Из люстровой, обмахиваясь старинными веерами, вышли дамы. За ними обособленно шел мужик с головой то ли быка, то ли борова. Скачков прозвал его свиноцефалом. И еще один, напоминающий что-то морское, но нехорошее. Алоис и доктор шли последними. Скачков для себя отметил, что Алоис в этой компании выглядит импозантным и умным, и это ему нравится.
К Скачкову подошла Регина, спросила, заморил ли он червячка, уселась за стол, посадила его рядом с собой. Взяла его за руку. Пальцы ее были теплыми, мягкими и тоже бескостными. И нещекотливыми — волосы.
— Читать он будет наверняка ерунду — фуфло. Все-таки хорошие вещи пишут профессионалы. А он то ли слябинги, то ли тюбинги. Что-то толстое, железное. Но рецензенты тутошние мне нравятся. Борются как за свое. Ты слово скажешь?
— Жратву отработать?
Регина засмеялась бескостно. Скачков отметил, что все здесь легко улыбаются и очень легко смеются.
— Ты уже отработал. В присутствии «колуна», а ты безусловно «колун», мы острее мыслим, импровизационнее. Ты для нас подсознательно как бы начальник отдела культуры. А мы, тоже подсознательно, как народные артисты.
В дверях красной комнаты все еще стояла красная дама — черно-багровый ее силуэт.
— Старая девушка, — сказала Регина. — Мечтает отдаться и сохранить девственность для следующего раза. Причина ее болезни в том, что она не может выбрать, с кого начать.

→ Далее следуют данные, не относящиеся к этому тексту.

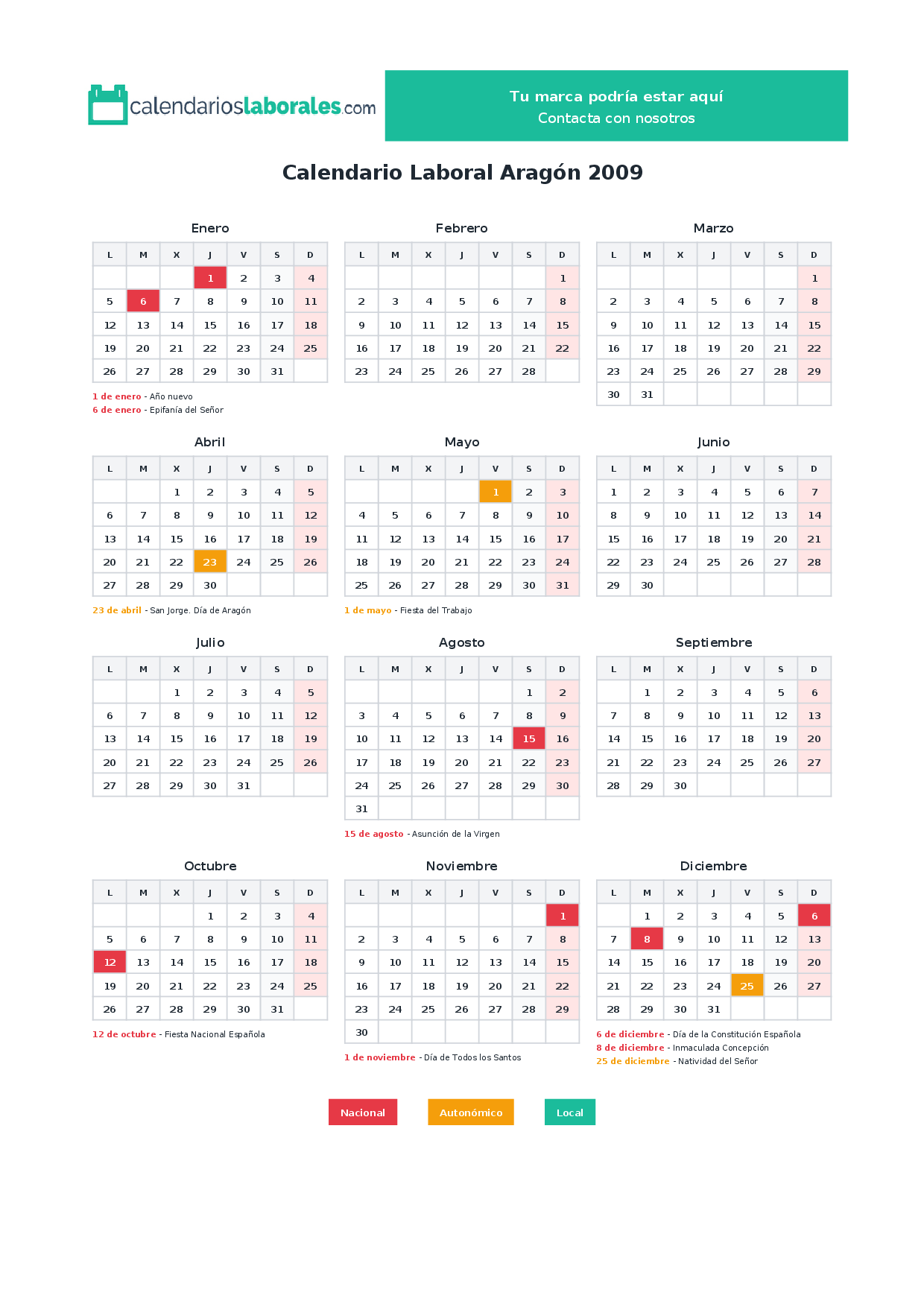 El calendario laboral de Aragón en 2009 incluye un total de 10 días festivos, que combinan festivos nacionales y festivos autonómicos establecidos por la comunidad autónoma.

— То есть… Ты хочешь сказать, что все здесь собравшиеся…
— Психи, — сказала Регина.
Скачков почувствовал острую кисло-сладкую изжогу. Кто-то засмеялся. И все засмеялись. Смеялись долго, может быть пять минут.
Усевшись за стол, Константин Леонардович поправил малиновый галстук, пощелкал пальцами, призвал своих гостей успокоиться, расслабиться, но все же сосредоточиться.
— Постигать продукт литературного озарения следует так же, как мы постигаем все явления природы: реки, скалы, деревья, лошадей — во всей их цельности, с восхищением и трепетом. Пожалуйста, начинайте.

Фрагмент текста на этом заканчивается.